**TASK BRIEF**
Write out the listing below character for character, though without its pictures.

**PROVIDED DATA**
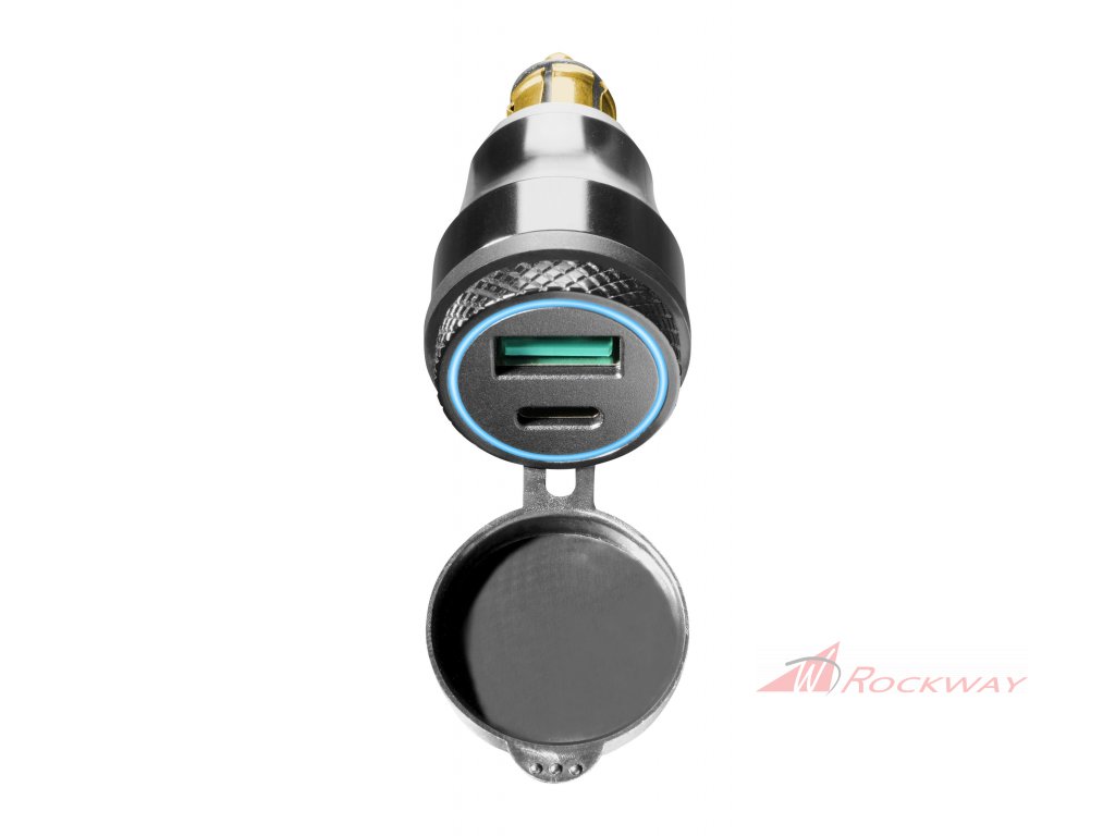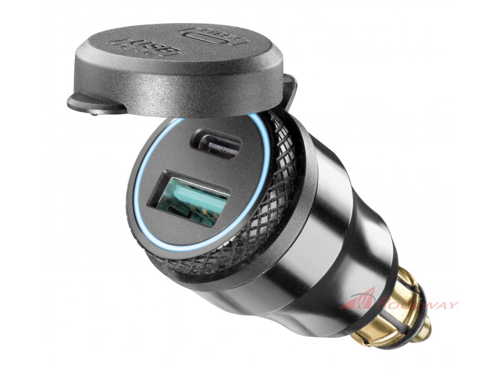 DIN adaptér Interphone s 1 x USB a 1 x USB-C výstupem pro motocykly, černý
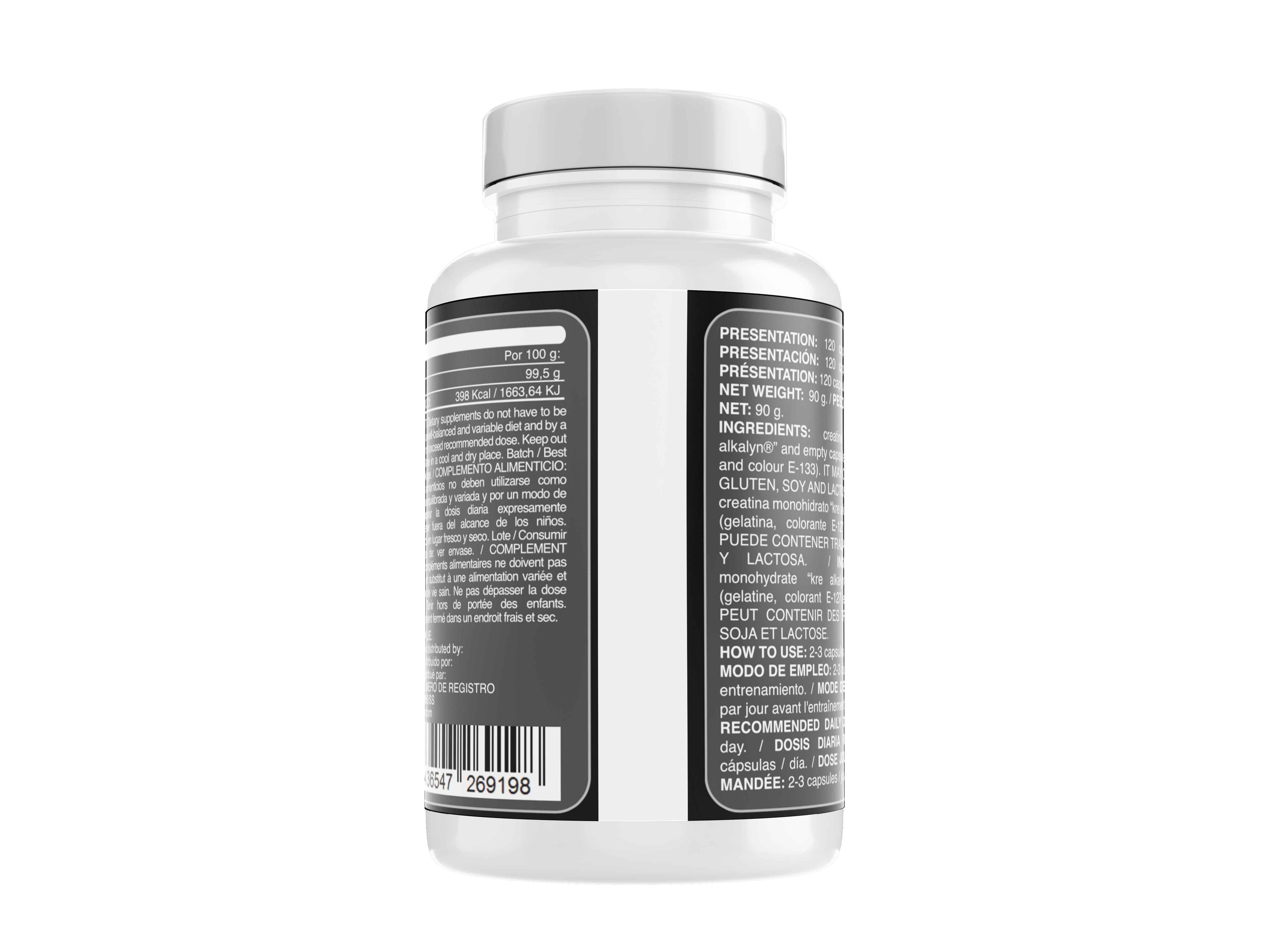Ingredientes: Creatina monohidrato con PH modificado (Kre-Alkalyn)®
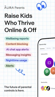 Aura Parents is a next-generation parental control app built to help families guide their children’s digital habits and ensure kid safety across all devices. It combines screen time control, online safety monitoring, and AI-powered wellbeing tools — so you can help your child thrive online and offline.
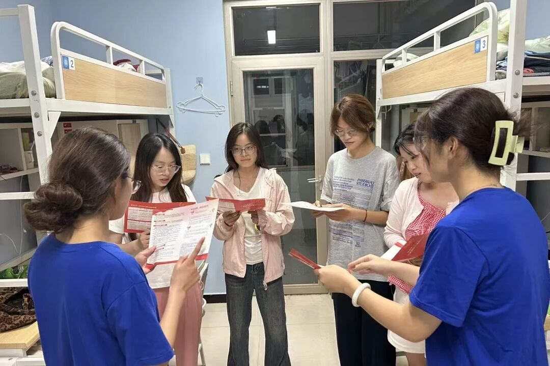 活动当天,党务助理们身着理工学部文化衫,深入到学生宿舍,向同学们发放了《河南省大学生宗教政策法规明白卡》,资料详细介绍了宗教事务管理的法律法规,强调了教育与宗教相分离的原则,以及在校园内严禁进行任何形式的宗教活动。

**ANSWER FOR THE TASK**
 DIN adaptér Interphone s 1 x USB a 1 x USB-C výstupem pro motocykly, černý
Ingredientes: Creatina monohidrato con PH modificado (Kre-Alkalyn)®
 Aura Parents is a next-generation parental control app built to help families guide their children’s digital habits and ensure kid safety across all devices. It combines screen time control, online safety monitoring, and AI-powered wellbeing tools — so you can help your child thrive online and offline.
 活动当天,党务助理们身着理工学部文化衫,深入到学生宿舍,向同学们发放了《河南省大学生宗教政策法规明白卡》,资料详细介绍了宗教事务管理的法律法规,强调了教育与宗教相分离的原则,以及在校园内严禁进行任何形式的宗教活动。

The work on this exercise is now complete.